Hi Lakee,
I think you have a problem with you openmpi setup, it tries to use infiniband,
but it can't find any network cards so it uses standard ethernet.

What I recommend is:
1) Check the tests and examples of openmpi.
2) Compile and test Blacs. If the test fail SIESTA will fail, so don't proceed with siesta installation until blacs works.
3) Idem for scalapack
4) Go for siesta compilation.

Regards,
Eduardo


On 24/08/2008, at 5:43, Lakee Johnson wrote:

Hi, Tom,

I tried it. The problem is still there.

Lakee



2008/8/24 Thomas Sadowski <[EMAIL PROTECTED]>
That might be your problem...Try linking against libmpi_f90.a


-Tom



Date: Sat, 23 Aug 2008 10:13:43 +0800

From: [EMAIL PROTECTED]
Subject: Re: [SIESTA-L] Strange mpi problem
To: SIESTA-L@listserv.uam.es

Hi, Dear Tom,

I tried "mpirun -np 4 siesta < input.fdf > output.out &". What I get is the following:

libibverbs: Fatal: couldn't read uverbs ABI version.
--------------------------------------------------------------------------
[0,1,0]: OpenIB on host node1 was unable to find any HCAs.
Another transport will be used instead, although this may result in
lower performance.
--------------------------------------------------------------------------
libibverbs: Fatal: couldn't read uverbs ABI version.
--------------------------------------------------------------------------
[0,1,1]: OpenIB on host node1 was unable to find any HCAs.
Another transport will be used instead, although this may result in
lower performance.
--------------------------------------------------------------------------
[node1:11756] *** An error occurred in MPI_Comm_group
[node1:11757] *** An error occurred in MPI_Comm_group
[node1:11757] *** on communicator MPI_COMM_WORLD
[node1:11757] *** MPI_ERR_COMM: invalid communicator
[node1:11757] *** MPI_ERRORS_ARE_FATAL (goodbye)
[node1:11756] *** on communicator MPI_COMM_WORLD
[node1:11756] *** MPI_ERR_COMM: invalid communicator
[node1:11756] *** MPI_ERRORS_ARE_FATAL (goodbye)
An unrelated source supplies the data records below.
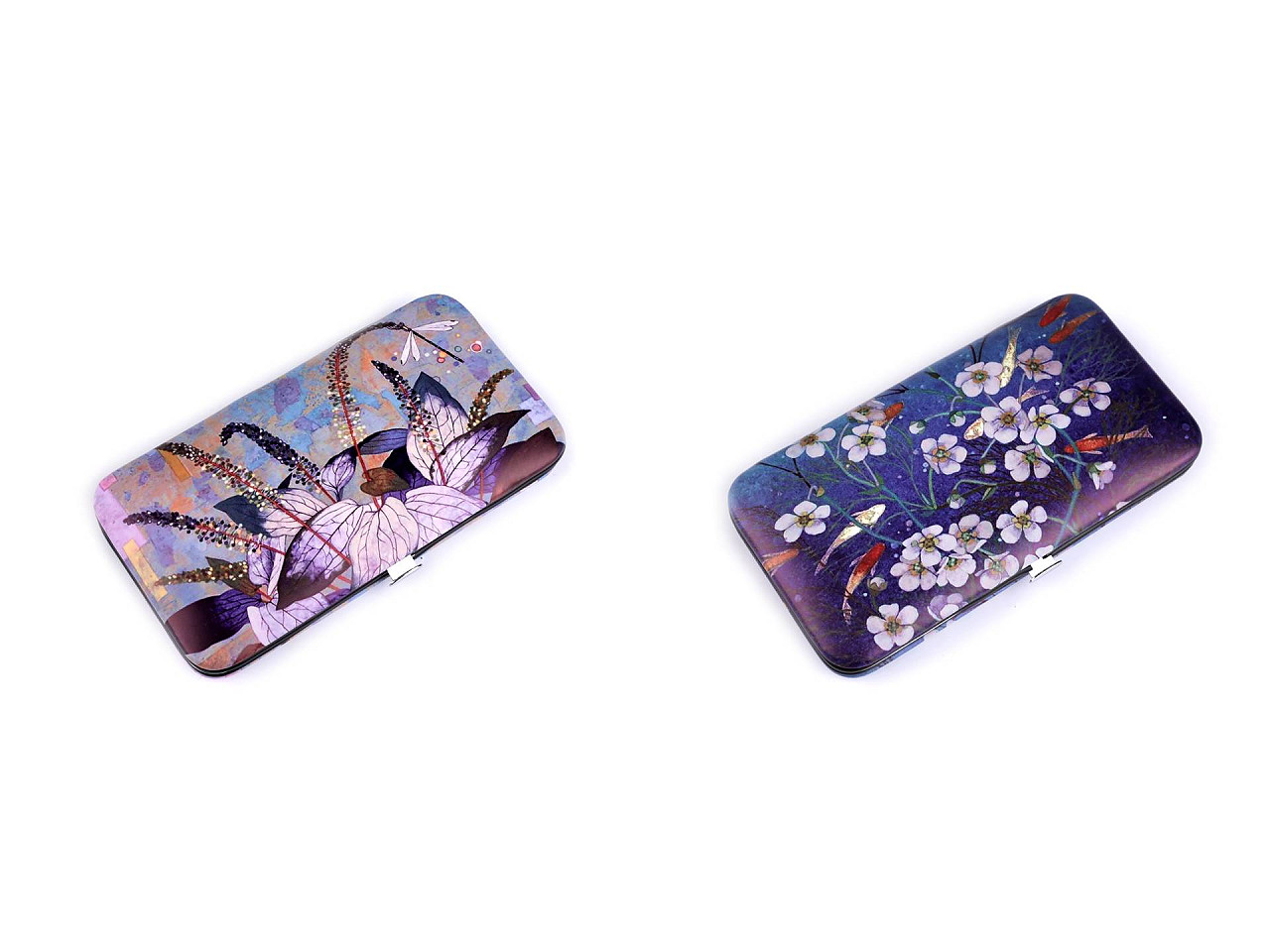 Manikúra v púzdre s kvetinovou potlačou poteší každú ženu či dievča. Púzdro má kvalitný kovový rám , ktorý jednoducho otvoríte stlačením páčky a zatvoríte zaklapnutím. Povrch púzdra je z eko kože . Manikúra je praktická, pohodlne sa zmestí do kabelky , je vhodná aj na cestovanie. Manikúra obsahuje: nechtové nožnice, pilník, pinzetu, 5 kusov manikúrových nástrojov a 4 kusy nechtových klieští.
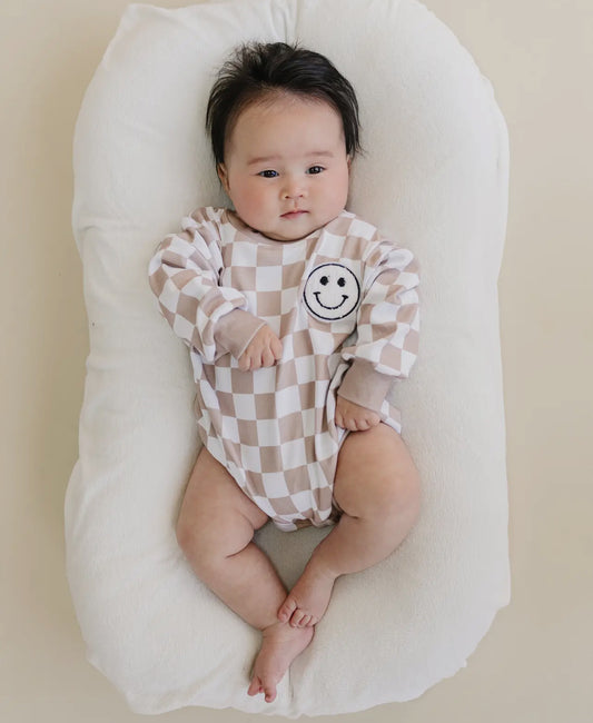Checkered Smiley Latte Bubble Romper
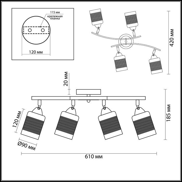 -Тип крепления: планка
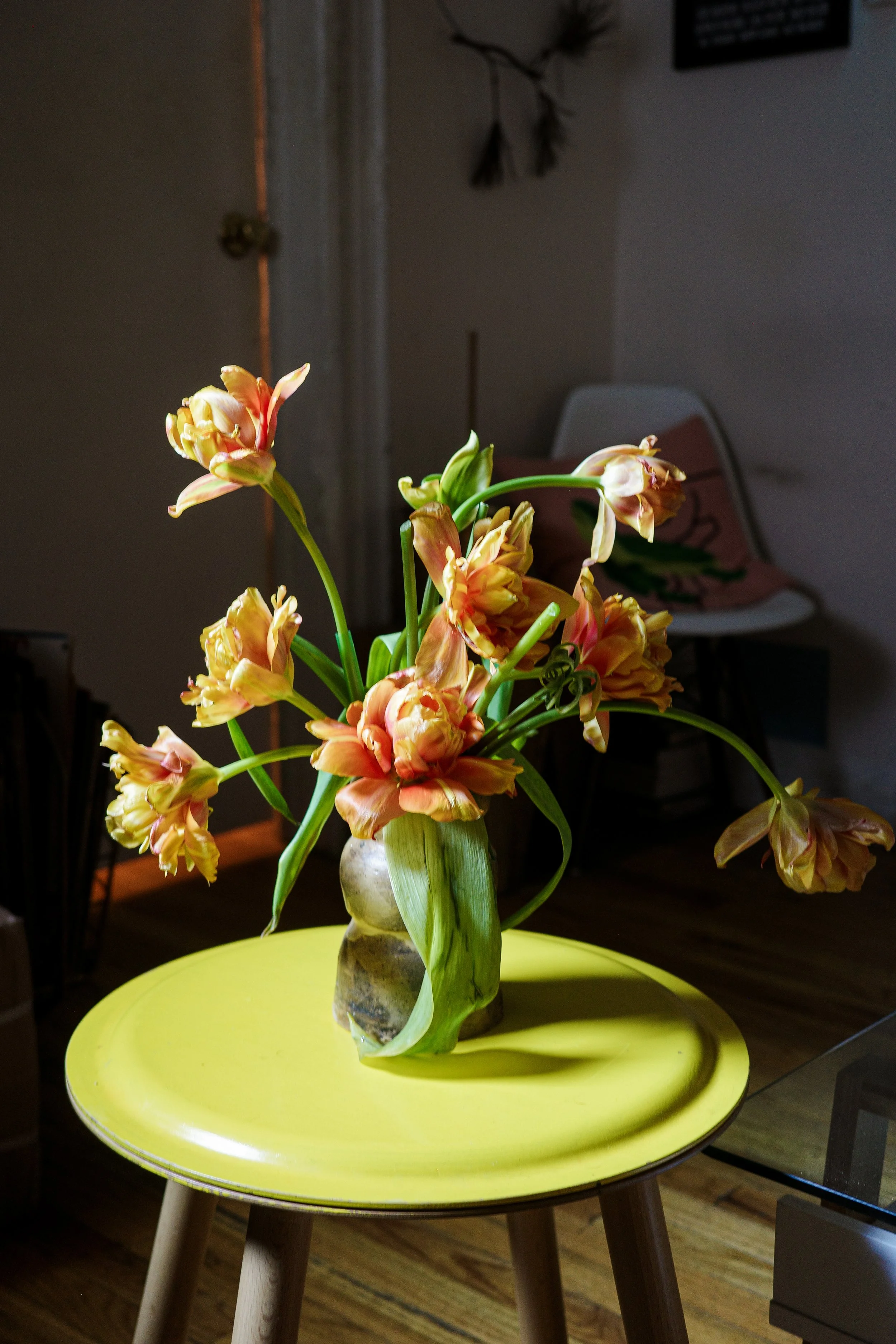 personal notes: I really love tulips. to minimize waste I like using the stems and foliage as additional components that I can add to my arrangements.
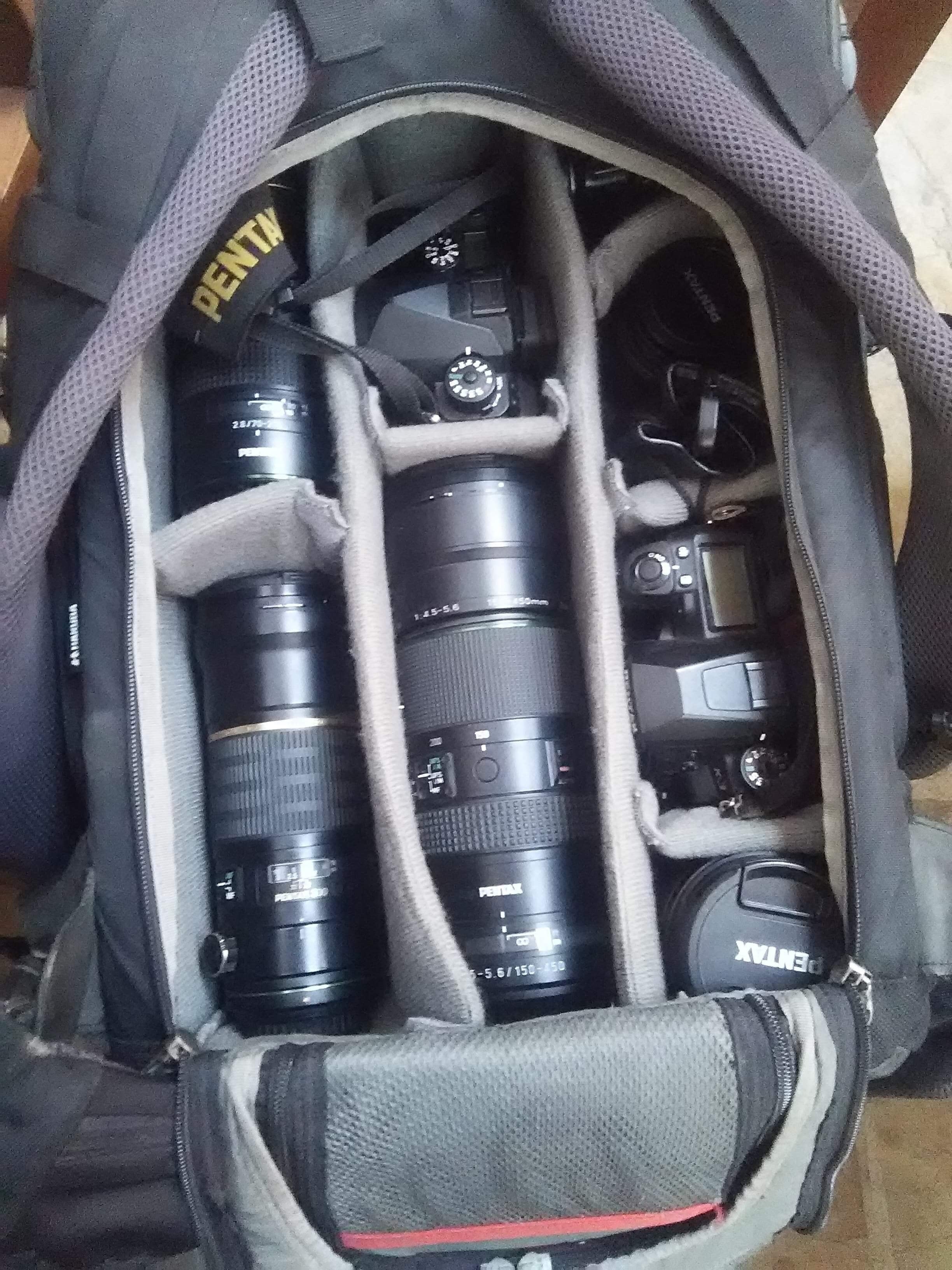 A.カメラボディ3~4台、レンズ望遠、広角、標準等、約7~8本

From the FAQ of openmpi official site, it seems that we should use the option "--mca btl tcp,self" for TCP network?

My machines are also x86-64 architecture with RedHat Enterprise Linux 4. The compiler is pgi-7.1.4. My configure options are:

./configure --prefix=/usr/local/math_library/pgi-7.1.4/openmpi-1.2.6 CC=cc CXX=c++ F77=pgf90 F90=pgf90 FC=pgf90 CFLAGS="-O2" FFLAGS="-O2"

Do you think there is anything wrong here, please?

By the way, when I compile BLACS and scalapack, in the "lib" directory of openmpi-1.2.6, I can not see the file "libmpich.a", but I can see it in both mpich2 and mvapich2. So I set MPILIB in Bmake.inc of BLACS and SMPLIB in SLmake.inc of scalapack to "openmpi-1.2.6/lib/libmpi.la", since only this file looks similar to libmpich.a. Is it wrong here, please?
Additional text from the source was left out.